The first step in our planning is to gather destination ideas from everyone. Of course, as parents, we have a heavily weighted vote. We try to choose several major points of interest and then leave time to fill in with minor attractions and local recommendations.
On our first trip, we knew we wanted to see buffalo herds at Custer State Park and visit Mount Rushmore in the Black Hills of South Dakota. After talking to employees at our campground, we made a quick decision to add Jewel Cave National Monument to our itinerary while in the area. It turned out to be one of our favorite parts of the entire trip. Jewel Cave is the third-longest cave in the world and truly makes visitors feel like they are walking in an ancient ocean.
The second step is to judge the distance between the main points of interest and choose lodging. This is also a good time to work on a budget. I highly recommend talking to family and friends who have taken a similar trip. We received invaluable advice from our aunt and uncle who have camped across the country multiple times.
Our choice in lodging is definitely campgrounds; we save money and enjoy being immersed in nature. We started out as tent campers, but quickly moved on to a pop-up camper and then a pull-behind trailer.
There are many options to consider such as private campgrounds versus state or national parks. With national park campgrounds, we love being close to trails and the feeling of being a part of our nation’s iconic landmarks. Sometimes this means choosing location over luxury as many national parks do not have amenities like hot showers and flush toilets.
For example, we stayed at South Campground in Zion National Park for $20 a night. We didn’t shower for three days, but we woke up daily to majestic mountain views and drank our morning coffee along the banks of the Virgin River.
In general, national parks open the reservation window for their campgrounds six months in advance. However, there are some exceptions and it’s worthwhile to look at all the reservation rules.
Taking a chance
Most state and national campgrounds will have some designated camping sites that are non-reservable. They are generally filled on a first-come basis. My spontaneous husband likes this option, but I am more of a planner.

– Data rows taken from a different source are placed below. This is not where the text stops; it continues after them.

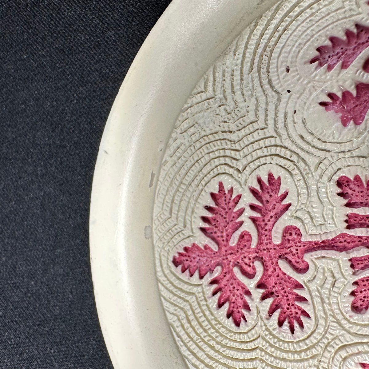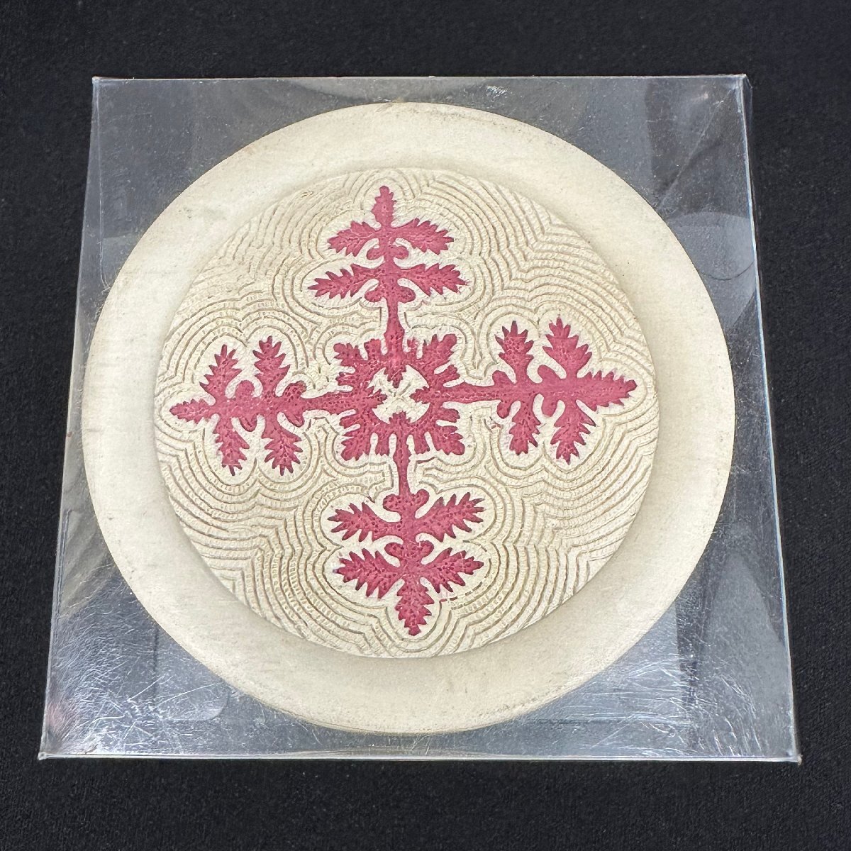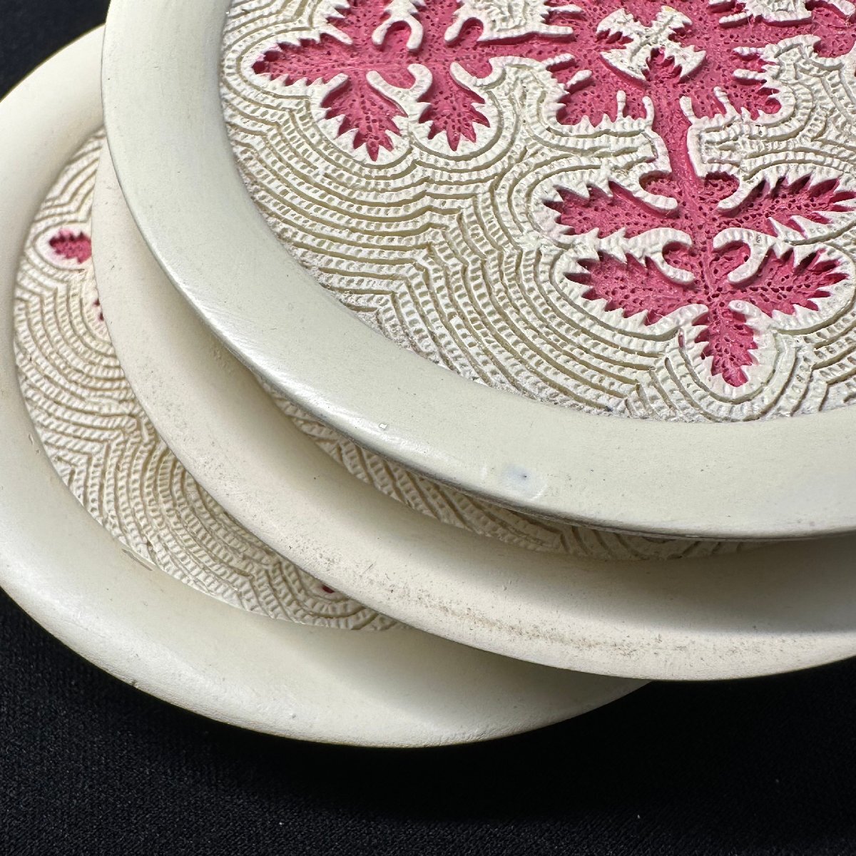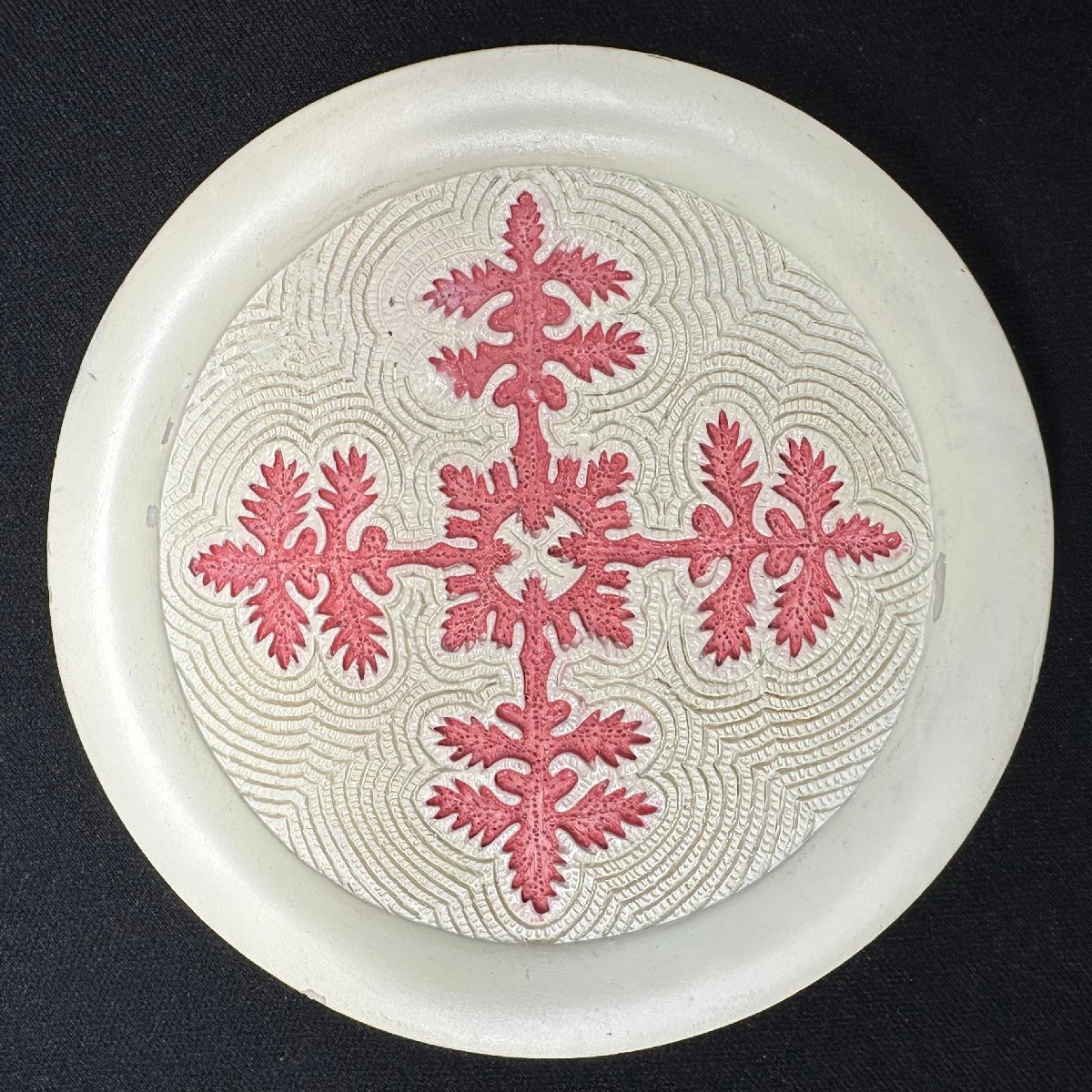 白地に浮かび上がる紅色の植物文様(桜や雪花を思わせるデザイン)が、テーブルに華やぎを添えます。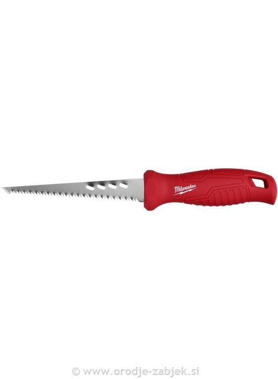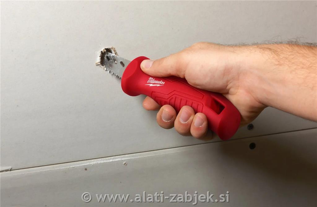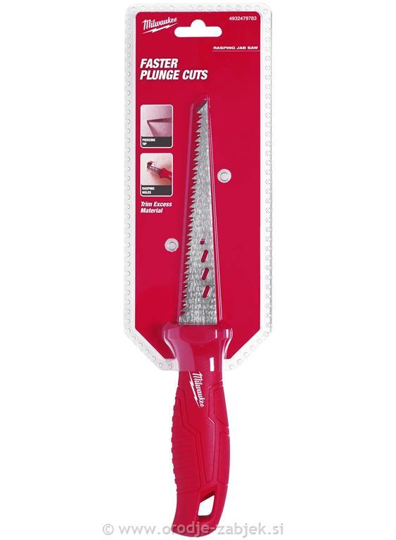 Opis proizvoda - vgrajene rašplaste luknje: Omogoča hitro povečanje lukenj ali glajenje grobih robov - ročaj prevlečen z gumo: Izjemno udobje in manjše drsenje rok - rezilo 150 mm za mavčne plošče ali suhomontažne stene - izredno močno rezilo, odporno za potopno rezanje - površinsko obdelano za zaščito pred rjavenjem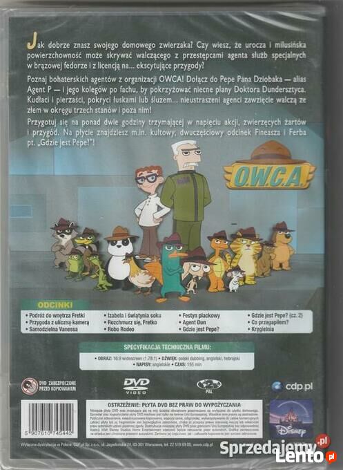 Fineasz i Ferb: Agent zwierzak [DVD] Phineas And Ferb: Animal Agents Kraj: USA, Wielka Brytania Rok produkcji: 2011, 2014, 2016, 2013 Reżyseria: Robert Hughes, Zac Moncrief Scenariusz: Michael Ryan, George Lucas, Mike Bell, Patrick O'Connor, Derek Thompson, Bob Roth, Kent Osborne, Bill Motz, Tom Minton, Robert Hughes, Damon Lindelof, Martin Olson, Dan Povenmire, Patrick A. Ventura, David Shayne, Kaz, Bobby Gaylor, Jeff 'Swampy' Marsh, Scott D. Peterson, ... Muzyka: Danny Jacob Obsada: Dee Bradley Baker, Jeff Bennett, Fred Tatasciore, Jim Cummings, Kevin Michael Richardson, Grey Griffin, Tara Strong, Danny Trejo, John DiMaggio, Rob Paulsen, Tom Kenny, Kari Wahlgren, Jess Harnell, Phil LaMarr, Clancy Brown, Corey Burton, Malcolm McDowell, Stephen Root, J.K. Simmons, ... Opis Jak dobrze znasz swojego domowego zwierzaka? Czy wiesz, że urocza i milusińska powierzchowność może skrywać walczącego z przestępcami agenta służb specjalnych w brązowej fedorze i z licencją na... ekscytujące przygody? Poznaj bohaterskich agentów z organizacji OWCA! Dołącz do Pepe Pana Dziobaka - alias Agent P - i jego kolegów po fachu, by pokrzyżować niecne plany Doktora Dundersztyca. Kudłaci i pierzaści, pokryci łuskami lub śluzem... nieustraszeni agenci zawzięcie walczą ze złem w okręgu trzech stanów i poza nim! Przygotuj się na ponad dwie godziny trzymającej w napięciu akcji, zwierzęcych żartów i przygód. Na płycie znajdziesz m.in. kultowy, dwuczęściowy odcinek "Fineasza i Ferba" pt. "Gdzie jest Pepe?"! Stan produktu Produkt ORYGINALNY. Płyta NOWA. Tytuł: Fineasz i Ferb: Agent zwierzak Dział: DVD Kraj wydania: Polska Kategoria wiekowa (MPAA): TV-Y7 Czas trwania: 155 min. Dodatki: bezpośredni dostęp do scen menu interaktywne zwiastun Napisy: angielskie, Dźwięk: Dolby Digital 2.0 polski Dolby Digital 2.0 angielski hebrajski Polska wersja: dubbing Obraz: 1,78:1 Region DVD: 2 Opakowanie: keep case Liczba nośników: [1xDVD] Karton 83 Ogłoszenie jest aktualne dopóki znajduje się na stronie . Odbiór osobisty lub wysyłkaSprawdź zainteresowanie tym ogłoszeniem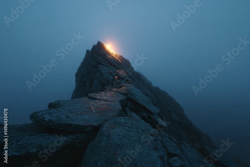 Dramatic Sunrise Over Mountain Peak Foggy Landscape Nature Photography Majestic View

Also, it should be noted that we have attempted this once, and it ended with me simultaneously crying and praying at a gas station at one in the morning. I called the first campground listed in my google search and was surprised that not only did someone answer the phone, but they also had sites available.
It ended graciously well with a beautiful site along the Yellowstone River near a hot spring. He thinks this story supports his inclination to spontaneity, but I countered that sometimes divine intervention means 40 years of wandering. If we fail to plan, we plan to fail.
In this spirit of positivity, we take our first steps that lead to our next epic adventure.